> **Your goal**
Leaving out the pictures, return word for word the stretch of entries below from the line holding "Písací stôl LINDA" through the line holding "教学观摩活动中,刘慧临教授对".

══════

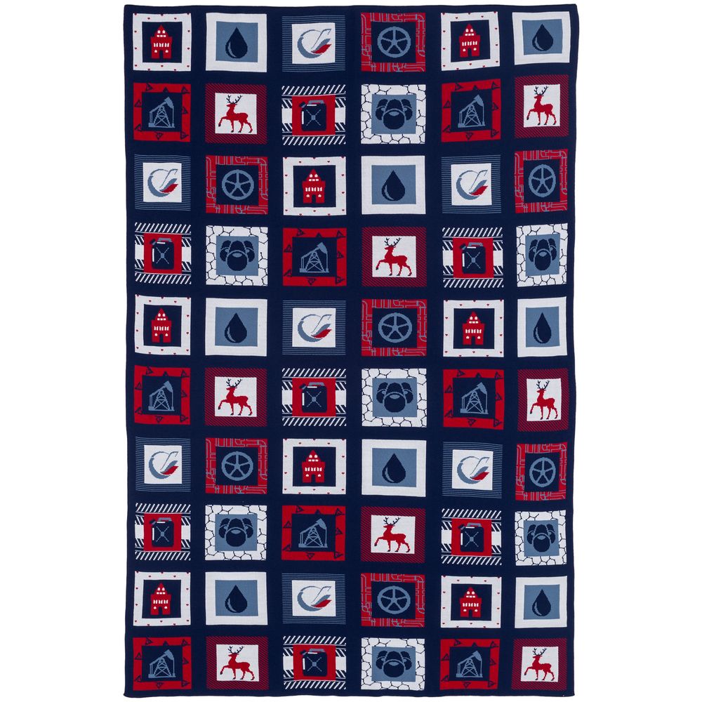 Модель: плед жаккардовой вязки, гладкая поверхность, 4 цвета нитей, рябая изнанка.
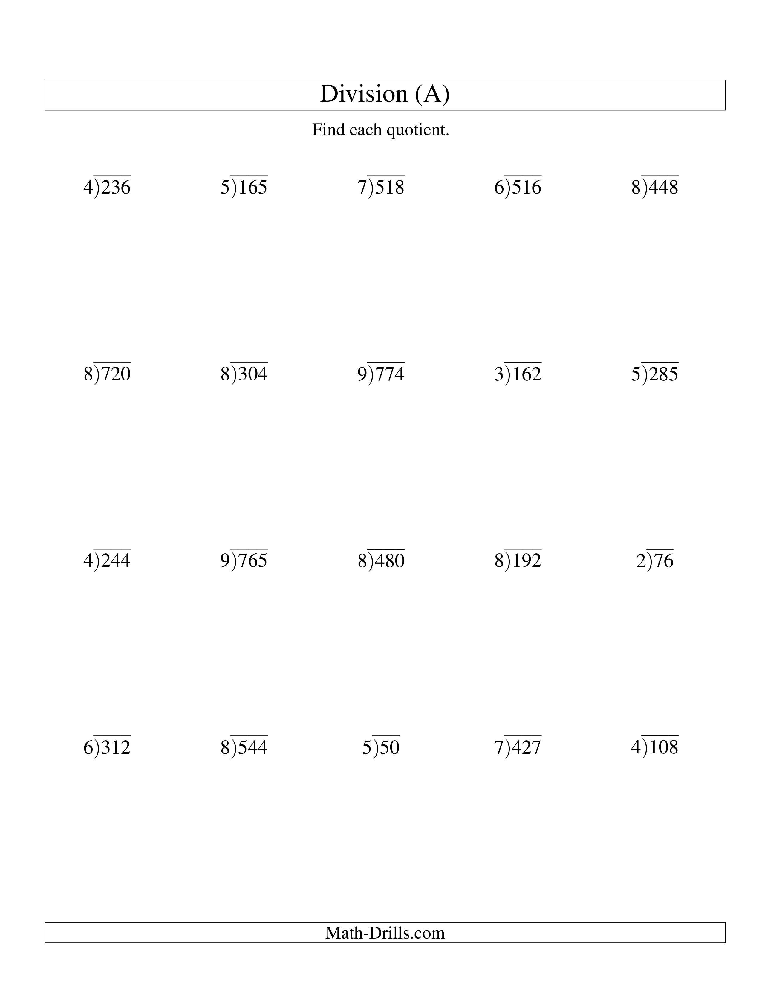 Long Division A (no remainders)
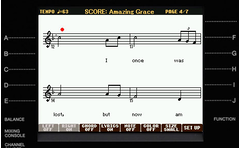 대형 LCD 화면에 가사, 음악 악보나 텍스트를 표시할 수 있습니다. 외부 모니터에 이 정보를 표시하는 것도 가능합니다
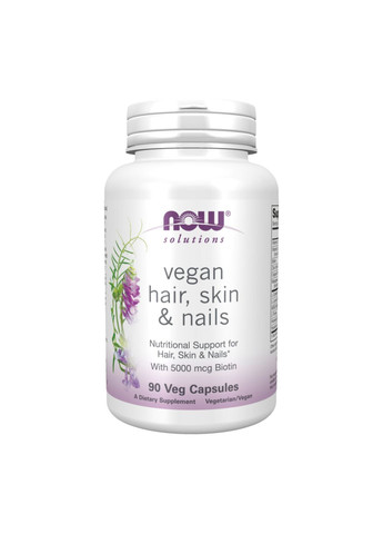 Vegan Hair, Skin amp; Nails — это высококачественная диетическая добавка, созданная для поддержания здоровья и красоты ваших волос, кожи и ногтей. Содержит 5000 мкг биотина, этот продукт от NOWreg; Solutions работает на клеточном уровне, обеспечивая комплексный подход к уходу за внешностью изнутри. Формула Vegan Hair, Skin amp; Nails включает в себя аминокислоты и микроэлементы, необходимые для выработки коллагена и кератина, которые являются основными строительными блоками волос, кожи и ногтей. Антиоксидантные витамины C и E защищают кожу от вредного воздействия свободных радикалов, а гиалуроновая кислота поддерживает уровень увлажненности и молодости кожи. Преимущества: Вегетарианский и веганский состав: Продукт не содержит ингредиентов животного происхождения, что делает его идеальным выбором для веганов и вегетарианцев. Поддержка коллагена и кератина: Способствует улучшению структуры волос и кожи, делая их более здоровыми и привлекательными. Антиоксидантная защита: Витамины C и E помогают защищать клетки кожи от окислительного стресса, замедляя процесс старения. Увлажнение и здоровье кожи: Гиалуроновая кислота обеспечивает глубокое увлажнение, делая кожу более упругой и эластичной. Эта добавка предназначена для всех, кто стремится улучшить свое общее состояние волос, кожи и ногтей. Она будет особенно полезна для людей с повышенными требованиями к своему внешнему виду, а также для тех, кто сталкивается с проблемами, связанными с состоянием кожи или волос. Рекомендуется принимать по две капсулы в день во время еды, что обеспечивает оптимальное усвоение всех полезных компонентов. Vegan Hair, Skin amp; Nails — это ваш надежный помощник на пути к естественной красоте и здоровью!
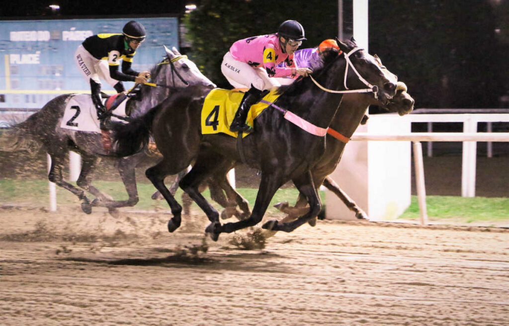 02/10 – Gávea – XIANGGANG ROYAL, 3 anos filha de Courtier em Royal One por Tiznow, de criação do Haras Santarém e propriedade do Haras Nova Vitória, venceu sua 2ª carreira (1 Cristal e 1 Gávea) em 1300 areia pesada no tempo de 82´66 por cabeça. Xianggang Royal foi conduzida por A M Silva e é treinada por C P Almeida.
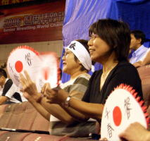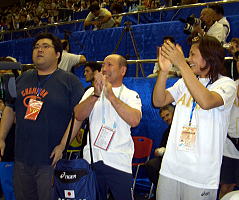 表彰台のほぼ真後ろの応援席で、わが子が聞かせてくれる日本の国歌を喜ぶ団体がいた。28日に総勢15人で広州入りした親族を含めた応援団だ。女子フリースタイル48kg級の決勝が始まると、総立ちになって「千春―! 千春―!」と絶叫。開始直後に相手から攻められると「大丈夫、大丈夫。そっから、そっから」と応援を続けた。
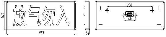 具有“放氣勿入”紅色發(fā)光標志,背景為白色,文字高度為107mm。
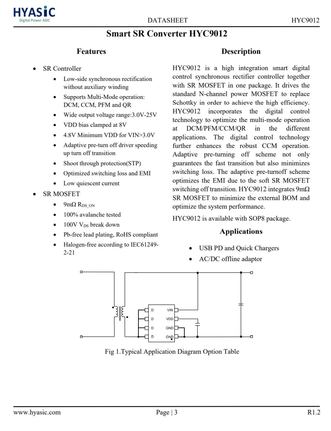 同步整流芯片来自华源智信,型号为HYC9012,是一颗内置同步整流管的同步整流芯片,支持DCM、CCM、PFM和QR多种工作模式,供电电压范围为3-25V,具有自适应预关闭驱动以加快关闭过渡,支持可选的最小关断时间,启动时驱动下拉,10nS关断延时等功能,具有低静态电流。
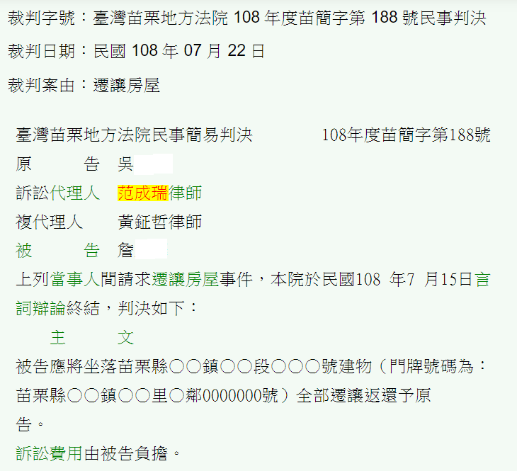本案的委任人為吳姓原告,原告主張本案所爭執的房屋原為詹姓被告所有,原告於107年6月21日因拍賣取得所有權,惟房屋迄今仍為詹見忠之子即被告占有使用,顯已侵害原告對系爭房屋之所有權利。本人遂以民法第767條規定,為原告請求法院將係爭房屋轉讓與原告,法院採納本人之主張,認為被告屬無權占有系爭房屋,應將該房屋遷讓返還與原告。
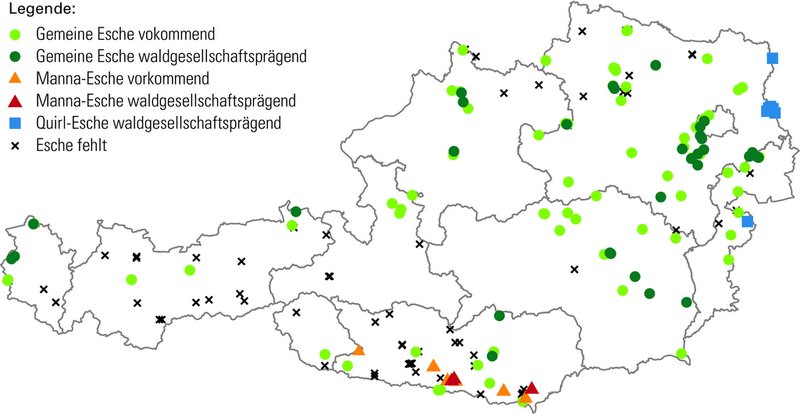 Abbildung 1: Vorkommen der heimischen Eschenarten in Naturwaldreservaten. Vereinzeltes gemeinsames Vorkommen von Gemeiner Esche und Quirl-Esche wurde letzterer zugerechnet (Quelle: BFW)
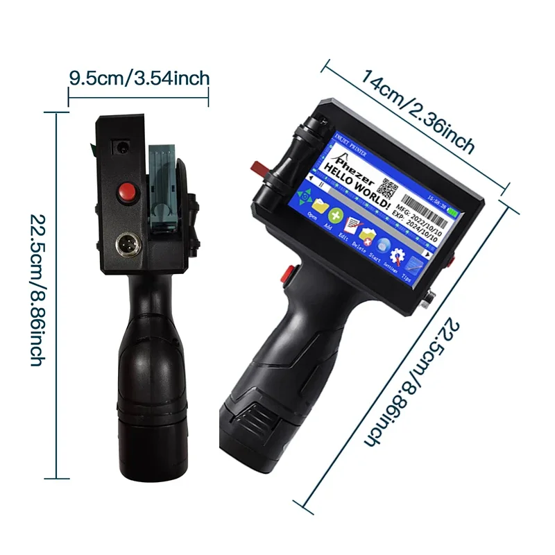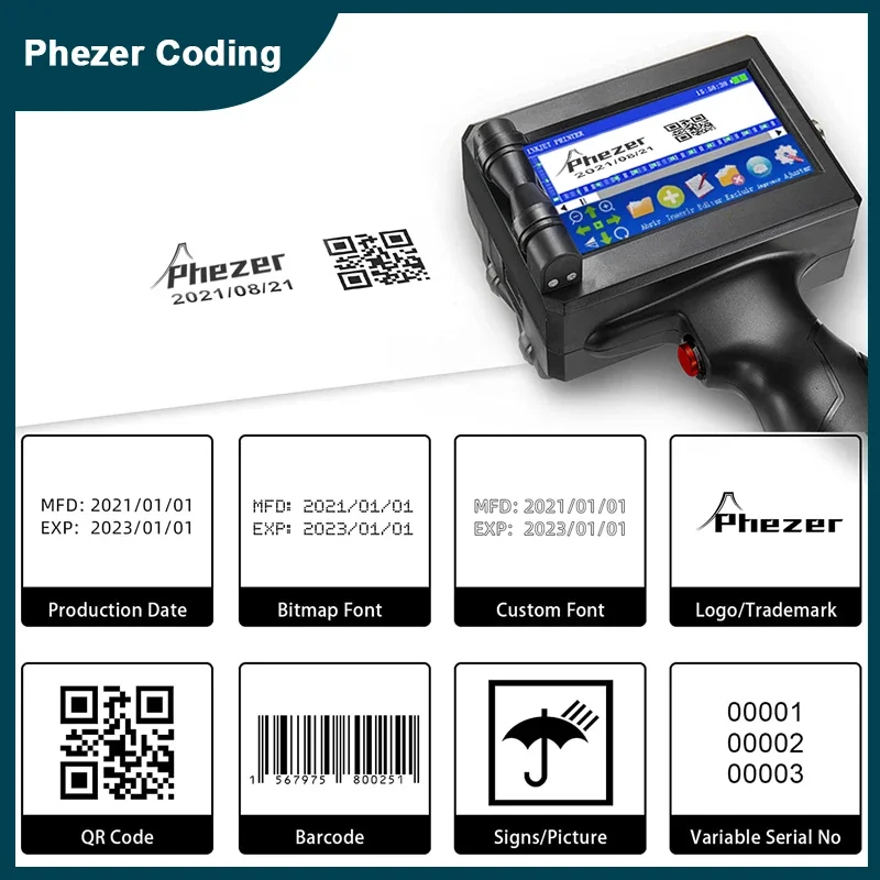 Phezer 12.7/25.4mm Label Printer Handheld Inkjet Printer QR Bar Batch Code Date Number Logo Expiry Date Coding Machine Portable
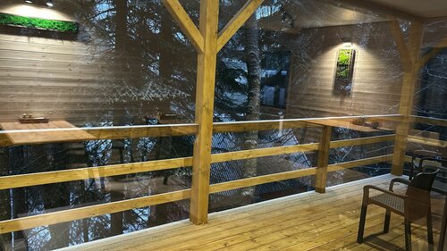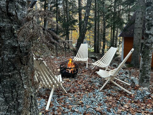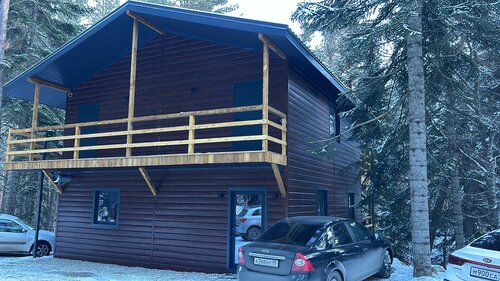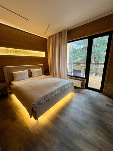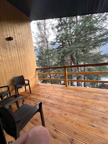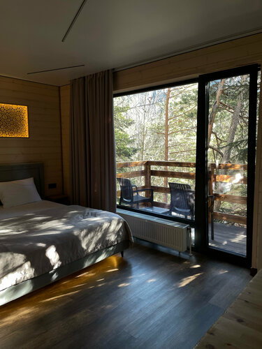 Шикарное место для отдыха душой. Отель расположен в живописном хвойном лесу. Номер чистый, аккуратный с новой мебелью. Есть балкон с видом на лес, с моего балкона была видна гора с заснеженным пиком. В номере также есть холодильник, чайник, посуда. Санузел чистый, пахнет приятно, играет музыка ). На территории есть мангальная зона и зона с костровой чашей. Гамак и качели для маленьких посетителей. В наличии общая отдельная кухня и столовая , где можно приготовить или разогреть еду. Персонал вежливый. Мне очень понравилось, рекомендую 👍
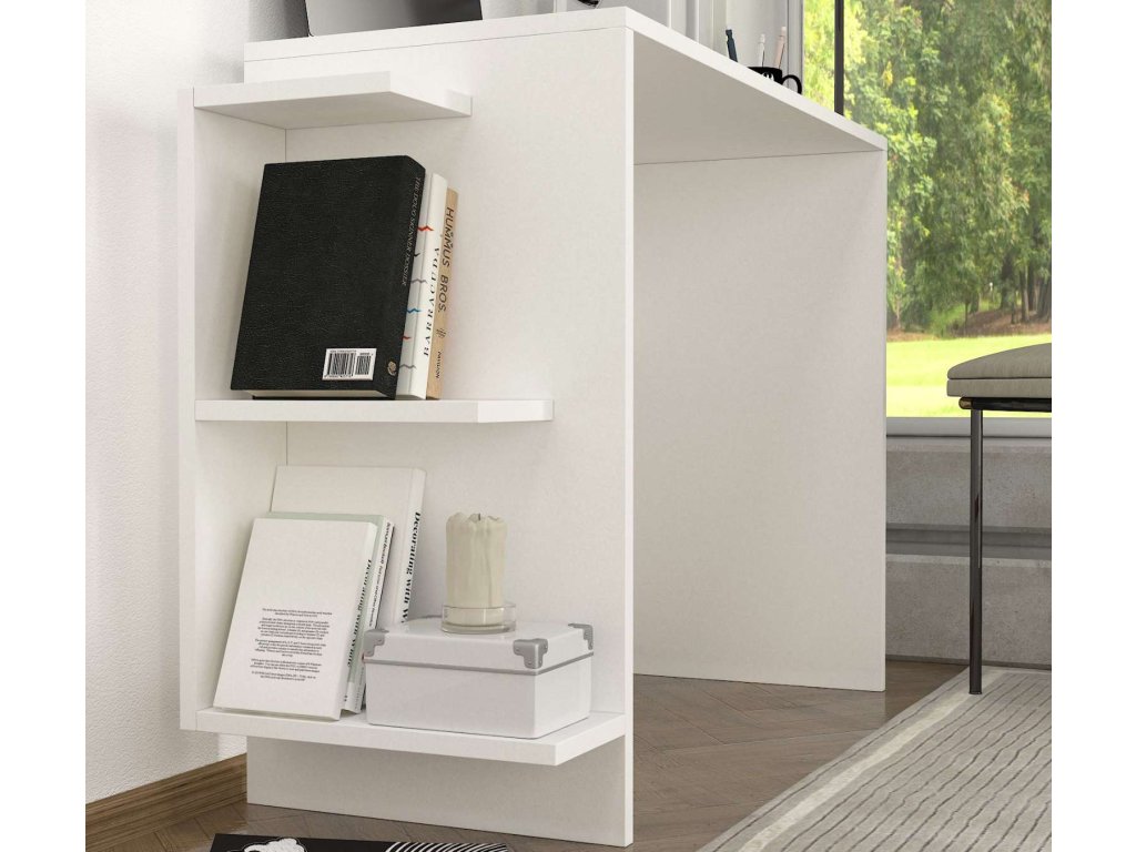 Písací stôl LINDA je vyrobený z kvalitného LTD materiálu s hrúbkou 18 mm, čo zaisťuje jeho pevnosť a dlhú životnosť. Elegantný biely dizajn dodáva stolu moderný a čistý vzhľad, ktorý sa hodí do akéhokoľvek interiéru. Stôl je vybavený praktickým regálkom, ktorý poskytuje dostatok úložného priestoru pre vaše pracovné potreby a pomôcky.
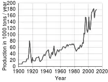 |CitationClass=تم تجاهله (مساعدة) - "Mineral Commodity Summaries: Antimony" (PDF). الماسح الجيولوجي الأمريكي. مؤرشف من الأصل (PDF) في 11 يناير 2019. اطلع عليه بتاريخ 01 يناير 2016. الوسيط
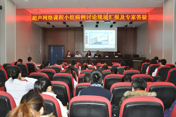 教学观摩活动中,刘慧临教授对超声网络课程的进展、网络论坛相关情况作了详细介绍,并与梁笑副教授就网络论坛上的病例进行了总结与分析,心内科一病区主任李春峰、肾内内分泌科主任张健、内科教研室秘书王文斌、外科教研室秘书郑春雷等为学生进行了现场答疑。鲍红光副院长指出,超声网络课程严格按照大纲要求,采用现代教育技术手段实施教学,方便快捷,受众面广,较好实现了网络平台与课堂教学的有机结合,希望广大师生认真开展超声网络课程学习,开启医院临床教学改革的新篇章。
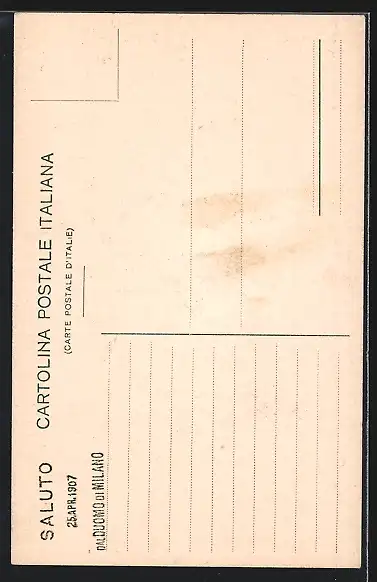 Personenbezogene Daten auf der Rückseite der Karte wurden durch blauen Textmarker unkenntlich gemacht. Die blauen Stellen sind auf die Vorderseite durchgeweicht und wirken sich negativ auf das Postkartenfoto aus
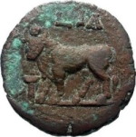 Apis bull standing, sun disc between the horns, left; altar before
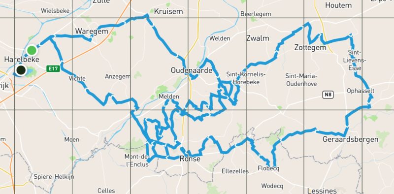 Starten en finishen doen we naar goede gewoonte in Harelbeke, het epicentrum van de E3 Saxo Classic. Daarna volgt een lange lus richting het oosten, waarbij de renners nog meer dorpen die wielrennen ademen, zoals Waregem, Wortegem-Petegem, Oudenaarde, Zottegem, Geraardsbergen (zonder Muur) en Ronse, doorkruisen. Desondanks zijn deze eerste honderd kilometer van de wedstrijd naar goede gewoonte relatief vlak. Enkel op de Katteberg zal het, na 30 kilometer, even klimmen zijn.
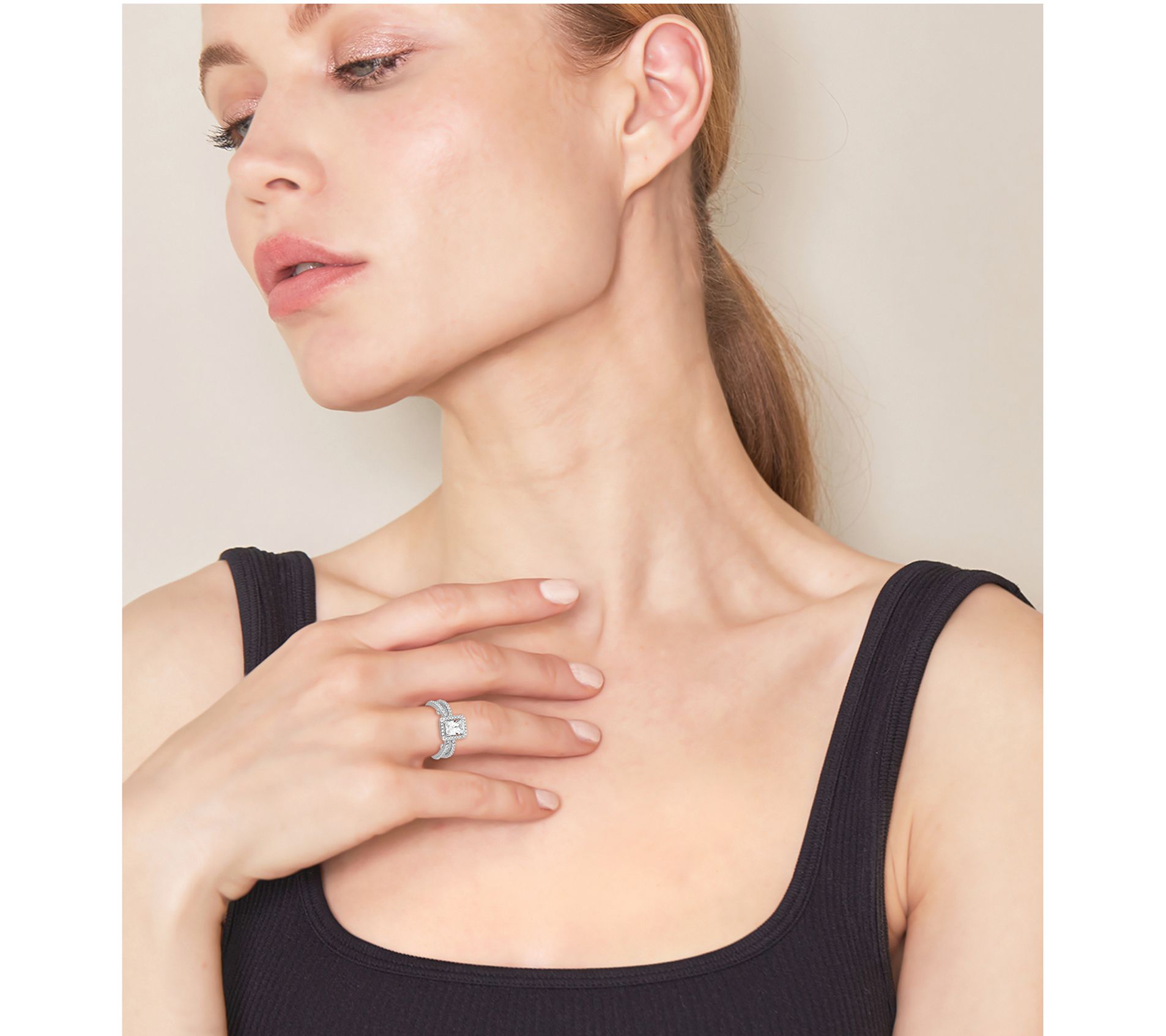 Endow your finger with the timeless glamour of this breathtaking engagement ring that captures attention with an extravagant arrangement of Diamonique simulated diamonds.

══════

> **Task solution**
 Písací stôl LINDA je vyrobený z kvalitného LTD materiálu s hrúbkou 18 mm, čo zaisťuje jeho pevnosť a dlhú životnosť. Elegantný biely dizajn dodáva stolu moderný a čistý vzhľad, ktorý sa hodí do akéhokoľvek interiéru. Stôl je vybavený praktickým regálkom, ktorý poskytuje dostatok úložného priestoru pre vaše pracovné potreby a pomôcky.
 |CitationClass=تم تجاهله (مساعدة) - "Mineral Commodity Summaries: Antimony" (PDF). الماسح الجيولوجي الأمريكي. مؤرشف من الأصل (PDF) في 11 يناير 2019. اطلع عليه بتاريخ 01 يناير 2016. الوسيط
 教学观摩活动中,刘慧临教授对超声网络课程的进展、网络论坛相关情况作了详细介绍,并与梁笑副教授就网络论坛上的病例进行了总结与分析,心内科一病区主任李春峰、肾内内分泌科主任张健、内科教研室秘书王文斌、外科教研室秘书郑春雷等为学生进行了现场答疑。鲍红光副院长指出,超声网络课程严格按照大纲要求,采用现代教育技术手段实施教学,方便快捷,受众面广,较好实现了网络平台与课堂教学的有机结合,希望广大师生认真开展超声网络课程学习,开启医院临床教学改革的新篇章。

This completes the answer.